Non fece in tempo a dire altro che le labbra di Sugawara furono sulle sue e lui non poté far nulla se non schiudere le labbra quando la lingua del ragazzo iniziò a premere per aprirle. Il corpo di Sugawara schiacciato contro il suo non era esile come si era aspettato e i bicipiti erano tesi e spessi quando Daichi gli afferrò d’impulso un braccio. Il bacio a cui Koushi l’aveva costretto era deciso e intenso, non  lieve e leggero come l’aveva immaginato nei sogni di cui si vergognava. Il soldato Sugawara era perfino meglio dal vivo che nelle sue fantasie.
Quando il ragazzo si allontanò da lui costringendolo a guardarlo, Daichi stava ancora stringendo entrambe le braccia attorno al suo corpo. Gli occhi di Koushi erano ridotti a due fessure e lo scrutavano con interesse. La tensione che l’aveva attanagliato fino a un secondo prima e che per poco era riuscito a dimenticare, perso nel sapore di Sugawara, ricominciò a farsi sentire finché lui non proruppe “Capitano, mi scusi, non mi piace lasciare le cose a metà. Le dispiacerebbe lasciarmi finire quello che ho interrotto?”

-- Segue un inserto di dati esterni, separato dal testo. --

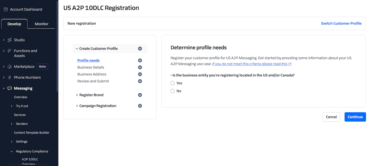 Twilio's application process for a US A2P 10DLC registration
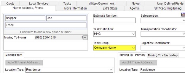 Users can select orders based on task definitions for a specific company name. Systems with defined task groups for specific companies allow you to set the company name, often referred to as “store rollouts,” as a Task Group for the order (Name, Address, Phone tab). This setting is then allows you to filter search results by the company name using the Select a Task Group field in a Find.
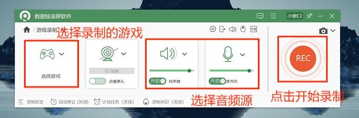 步骤2:自由选择录制的游戏区域,调整录制参数,如视频格式、帧率等。点击“REC”按钮,数据蛙就会开始捕捉屏幕上的内容。

Daichi non poté fare a meno di fare un sorrisetto e abbassare gli occhi, prima di puntarli di nuovo in quelli del ragazzo “Sì, soldato Sugawara, ma cerca di non farti di nuovo beccare in giro di notte” rispose come se fosse una grossa concessione, cercando di darsi un tono.
Koushi lo gratificò con un altro dei suoi sorrisetti luminosi. “Perché se no cosa mi farà, capitano?” sussurrò lascivo, stringendogli di nuovo il sedere.
“Ti toglierò tutte le lincenze” disse solo. Koushi sgranò gli occhi e aprì un poco la bocca, mentre il sorrisetto svaniva dalle sue labbra. “E adesso, soldato Sugawara, continua pure col tuo lavoro”
“Signorsì, Capitano!” esclamò Sugawara mettendosi sull’attenti.